Turn of Mind
Page 5
At the bottom of the icon appeared a third hand. The severed hand of Saint John Damascene. As the legend went, it had been miraculously reattached to his arm by the Virgin. Now at her feet, a testament to her healing powers.
Amanda held the icon in silence for perhaps five minutes, intent as when she was deeply engaged in giving a lesson to a difficult student or preparing for an important school board speech. She finally spoke.
I like this, she said. I never really understood your passion for religious iconography, but this is different. This one moves me in a way I can’t explain.
Then she spoke. I want this, she said. Her voice was soft but firm. Will you give it to me?
Mark, who had been lolling on the steps, sat up straight. I could only look. There was a long silence before a car horn sounded on Fullerton, causing both Mark and me to jump. Amanda didn’t move.
Well? she said. I won’t ask if I can buy it, because I know I can’t afford it. So I think you will give it to me. Yes. I think so.
I stood up, walked over to where she was sitting on the porch swing, and took the icon from her hands. It took some effort, she was holding on so tightly.
Why now? Why this? I asked. You’ve never asked for anything before. Never.
And you’ve always been so generous to me, she said. Bringing me gifts from your travels. Lovely things. The most beautiful things I own in the world come from you. But I hope you won’t mind me saying that they meant nothing. Mean nothing. Such things never touched me. But this. This is something else.
Mark surprised both of us by clearing his throat and speaking. But Mom loves this. It’s not just a souvenir to her. He opened his mouth as if to say more, then blushed and closed it.
I understand that, Amanda said. Which is one of the reasons I want it so much. Not the only reason. But a main one.
No, I said. My voice came out stronger and louder than I had meant it to. This is mine. Anything else, you know I’d be happy to give you whatever you wanted. Money has never been an object.
No, it wouldn’t be, she said, and there was a warning in her voice. Mark was watching everything intently.
No, I said again. I rewrapped my icon and placed it back in its box. No and no and no. This time, you’ve gone too far.

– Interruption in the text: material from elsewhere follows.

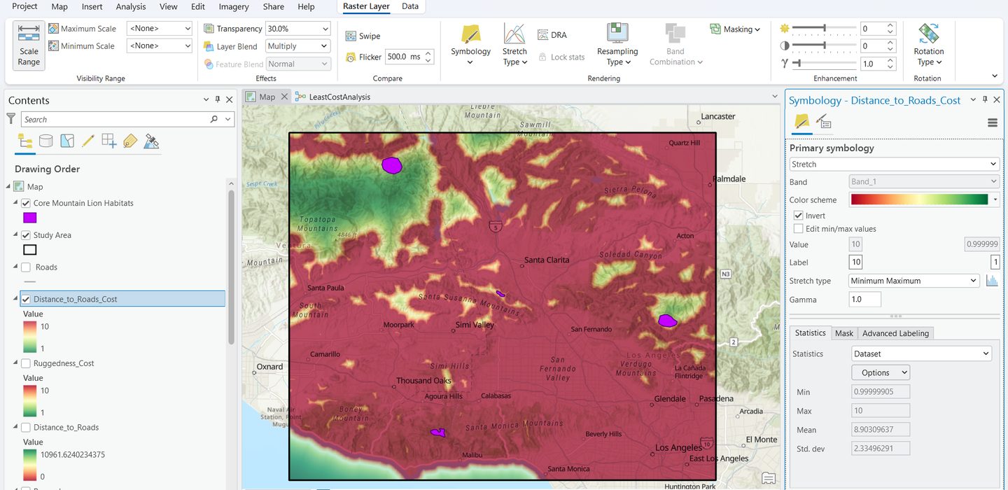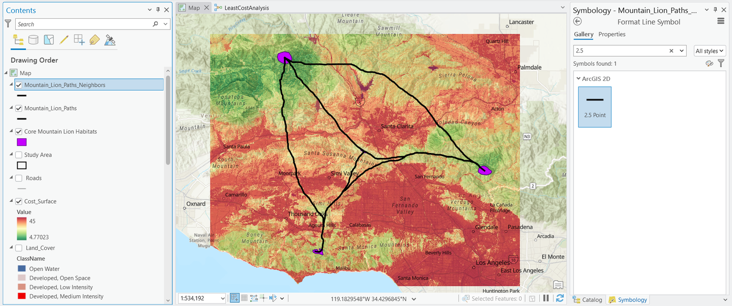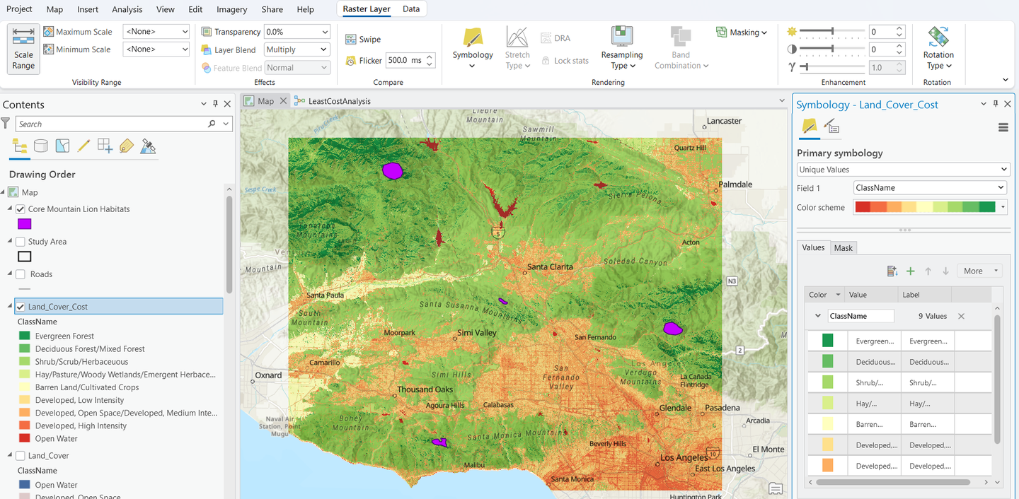 بناء نموذج ModelBuilder لتحليل وتحديد ممرات الحياة البرية لربط موائل أسود الجبال حول لوس أنجلوس

I left her porch, and it was many weeks before I felt calm enough to speak to her again. Many lonely weeks. Then, she knocked on my door one Friday noon. Our standing appointment. And I got my coat and joined her. It was done. She had made a request—something I imagined was a humbling experience—and had been refused. There was nothing more to say.
Yet there was an odd coda to all this. Mark went off to Northwestern in the fall, as planned. Since his dorm was less than twenty minutes away, it was not as momentous a leave-taking as Fiona’s was to California four years later.
But it was traumatic for him. During the days before he left he was extraordinarily demanding. I need a study pillow. My roommate doesn’t have a TV, we need to buy one. And even, Bake me some cookies.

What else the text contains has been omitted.